_Work task_
Return only the lines below starting at the line containing "I contributi raccolti" and ending at the line containing "Vaso in bronzo", both included, exactly as they are and with no pictures.

╭─ Task material

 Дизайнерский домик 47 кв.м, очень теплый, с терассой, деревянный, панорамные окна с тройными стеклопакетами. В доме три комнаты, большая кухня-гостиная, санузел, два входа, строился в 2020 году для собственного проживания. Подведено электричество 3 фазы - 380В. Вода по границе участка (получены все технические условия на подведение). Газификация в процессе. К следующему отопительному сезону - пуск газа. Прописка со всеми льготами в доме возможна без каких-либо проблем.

╰─
╭─ Task material

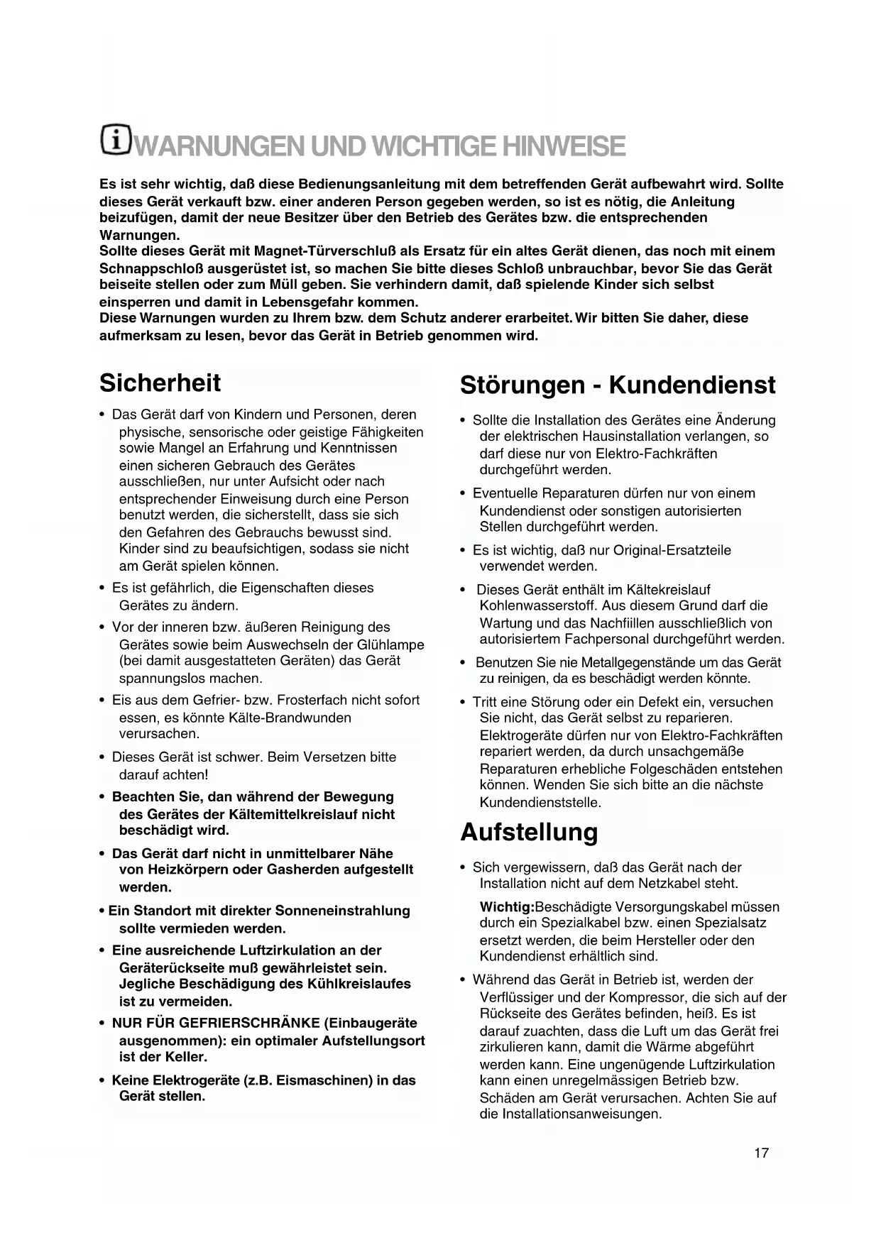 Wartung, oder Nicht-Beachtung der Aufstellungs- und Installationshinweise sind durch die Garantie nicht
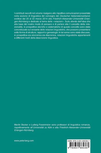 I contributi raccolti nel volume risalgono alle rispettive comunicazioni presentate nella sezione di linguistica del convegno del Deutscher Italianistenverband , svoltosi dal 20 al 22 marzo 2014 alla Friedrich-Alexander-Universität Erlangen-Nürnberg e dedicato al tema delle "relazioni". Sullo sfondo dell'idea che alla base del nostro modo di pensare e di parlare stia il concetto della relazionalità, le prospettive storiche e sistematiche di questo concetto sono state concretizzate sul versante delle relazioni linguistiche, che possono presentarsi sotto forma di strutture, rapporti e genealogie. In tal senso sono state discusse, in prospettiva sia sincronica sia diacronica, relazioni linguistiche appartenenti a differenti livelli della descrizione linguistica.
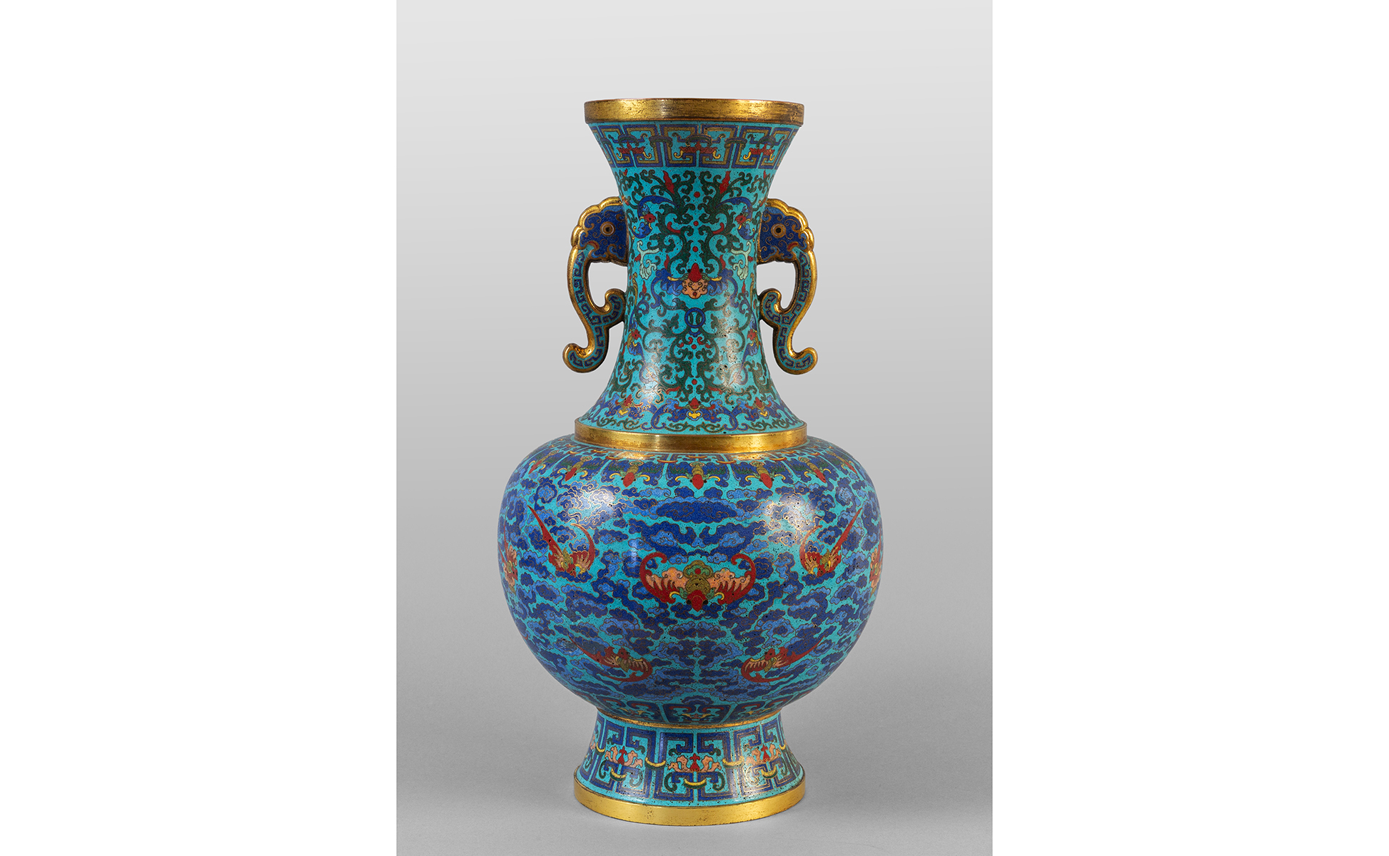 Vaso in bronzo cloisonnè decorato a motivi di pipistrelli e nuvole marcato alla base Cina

╰─

_Task output_
 I contributi raccolti nel volume risalgono alle rispettive comunicazioni presentate nella sezione di linguistica del convegno del Deutscher Italianistenverband , svoltosi dal 20 al 22 marzo 2014 alla Friedrich-Alexander-Universität Erlangen-Nürnberg e dedicato al tema delle "relazioni". Sullo sfondo dell'idea che alla base del nostro modo di pensare e di parlare stia il concetto della relazionalità, le prospettive storiche e sistematiche di questo concetto sono state concretizzate sul versante delle relazioni linguistiche, che possono presentarsi sotto forma di strutture, rapporti e genealogie. In tal senso sono state discusse, in prospettiva sia sincronica sia diacronica, relazioni linguistiche appartenenti a differenti livelli della descrizione linguistica.
 Vaso in bronzo cloisonnè decorato a motivi di pipistrelli e nuvole marcato alla base Cina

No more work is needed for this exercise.